1992 United Kingdom budget
- Presented: 10 March 1992
- Country: United Kingdom
- Parliament: 50th
- Party: Conservative Party
- Chancellor: Norman Lamont

= 1992 United Kingdom budget =

The 1992 United Kingdom budget (officially titled A budget for the recovery) was delivered by Norman Lamont, the Chancellor of the Exchequer, to the House of Commons on 10 March 1992. It was the second budget to be presented by Lamont. It was also the last before the 1992 general election, which was called the following day, and shaped the Conservative Party's election campaign for that year.

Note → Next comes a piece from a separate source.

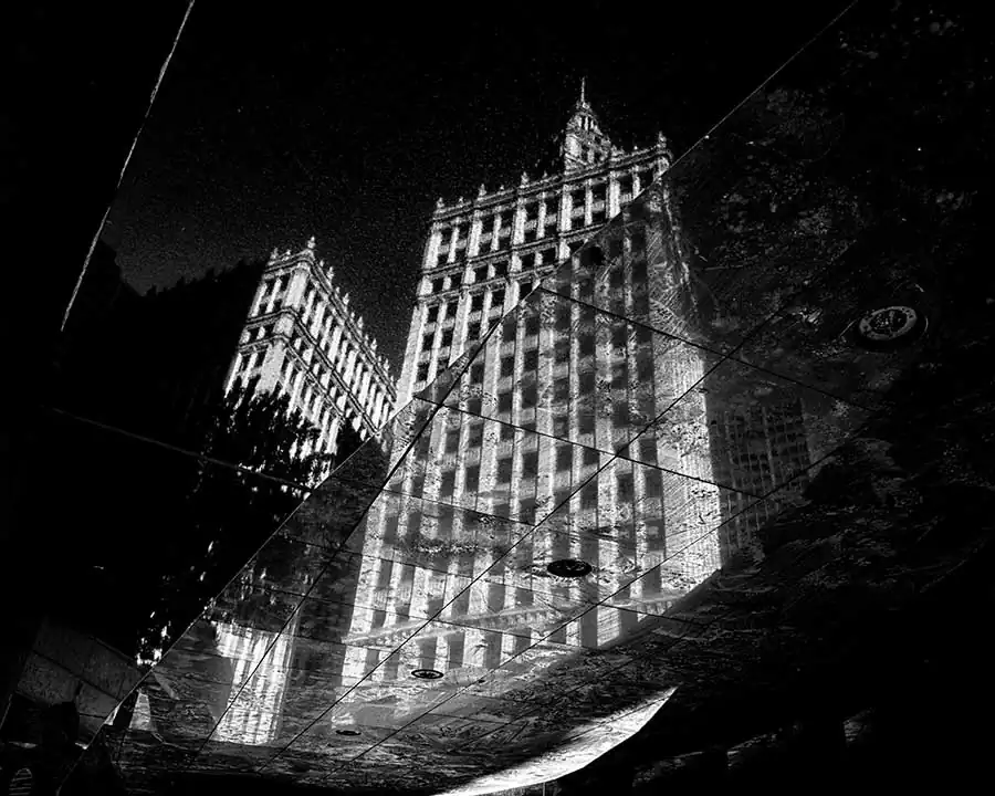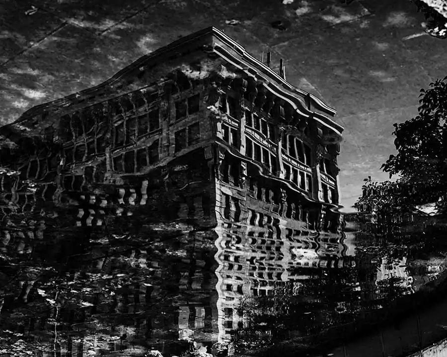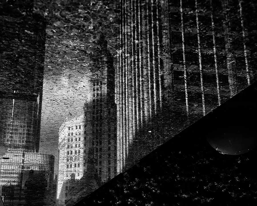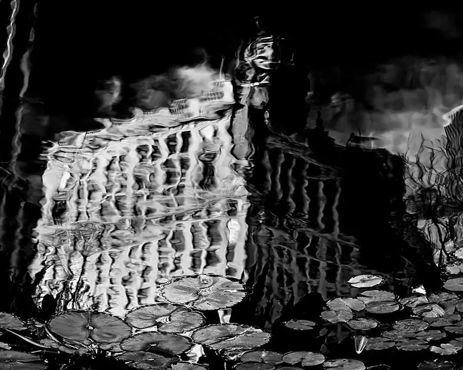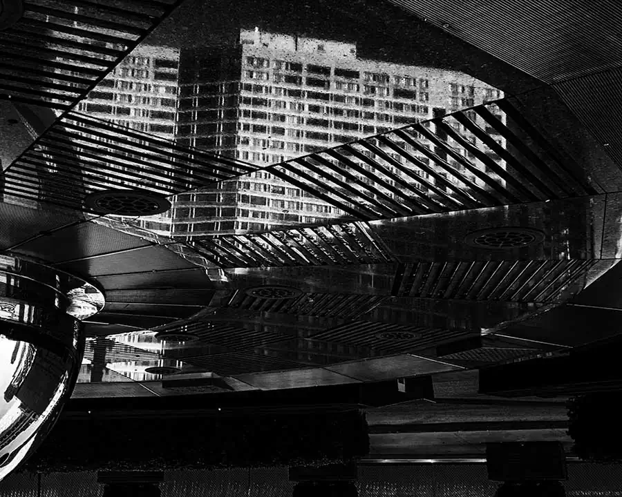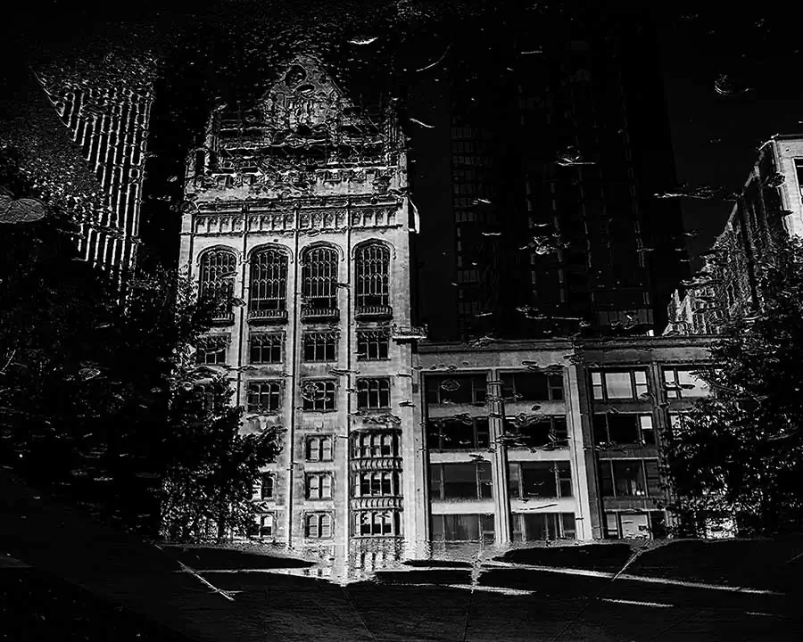 In early 2014 I began to photograph Chicago cityscapes reflected in various shiny surfaces. This led me to think of Lewis Carol’s famous book, and inspired me to reread his wonderful text. Alice’s through the looking glass world is a world of imagination that is filled with those naïve but deep insights that children sometimes have. I thought it would be great to photographically explore my local city, Chicago, using Lewis Carol’s trick of viewing the world through a looking glass. To do this, in Chicago through the Looking Glass, I show the city’s famous architecture reflected in various horizontal surfaces: full and empty pools, puddles, and fountains. The images are flipped vertically, transporting them into the looking glass world. This is a magical world in which down-to-earth things – the pavement, fallen leaves, items of litter – become objects of fantasy floating mysteriously in space. It is a place with a dark and gritty heaven made of pavement textures and tones. If there is a slight breeze, disturbed standing water distorts the reflected images in pools and puddles to produce dreamlike scenes. The looking glass world is a place that looks almost real, and yet is not quite right. It is something we don’t fully understand, which gets us thinking.

The 1992 budget introduced the 20p rate of income tax on the first £2,000 of earnings, as well as increasing personal allowances in line with inflation. Lamont also confirmed plans to unify tax and spending into one annual budget statement should the Conservatives win the election. Opposition Labour Party leader Neil Kinnock dismissed the statement as a "a panic-stricken pre-election sweetener", but Labour's opposition to introducing the lower tax rate enabled the Conservatives to paint them as a high-tax party, a strategy that ultimately succeeded in winning them the election.

==Background==
By 1992 the UK was starting to emerge from the recession of the early 1990s, but the economy was still struggling, and the public sector borrowing requirement (PSBR) had reached £28bn. (Note: about £bn at 2021 prices) The time for a general election was approaching, and both main parties, the Conservatives and Labour, were roughly equal in the polls. The Conservatives were keen to offer the public an incentive of tax cuts, something Larry Elliott, political editor of The Guardian, argues Lamont was able to do by asking HM Treasury to revise the UK's public deficit figures, making them appear more favourable than they actually were. They would be revised upward again once the election was over.

==Overview==
Chief among the announcements in the 1992 budget was Lamont's decision to introduce the 20p lower rate of income tax for the first £2,000 of earnings, a rate which he said would be expanded over time to become the basic rate of income tax. Personal tax allowances were increased in line with inflation, although the 40p top rate of income tax was left unchanged. Sales tax on new cars was halved to 5%, while there was a decrease in betting duty. Lamont also announced that should the Conservatives win the next election, in the future tax and spending would be incorporated into a unified budget that would be presented in the autumn.

===Key points===
- Introduction of a new 20p rate of income tax for the first £2,000 of earnings
- Personal allowances to rise with inflation, but 40p top tax rate remains unchanged
- Tax on sale of new cars halved to 5%
- Excise duty on betting reduced from 8% to 7.75%
- Duty on beer increased by 1p
- Duty on wine increased by 5p a bottle
- Duty on spirits increased by 28p a litre
- Duty on a packet of 20 cigarettes increased by 13p

==Reaction==
The budget was held a day before Prime Minister John Major called the 1992 general election, and that year's budget formed an important part of the Conservatives' election campaign. Opposition Labour Party leader Neil Kinnock dismissed the budget as "a panic-stricken pre-election sweetener", and Labour opposed the introduction of the 20p income tax rate during their campaign. This enabled the Conservatives to portray them as a high tax party, and ultimately led to the Conservative Party winning the election a few weeks later.

BBC News has noted that commentators were alarmed that PSBR had reached £28bn. The Guardian has noted that the City of London was "depressed" by the lack of any measures to tackle high interest rates.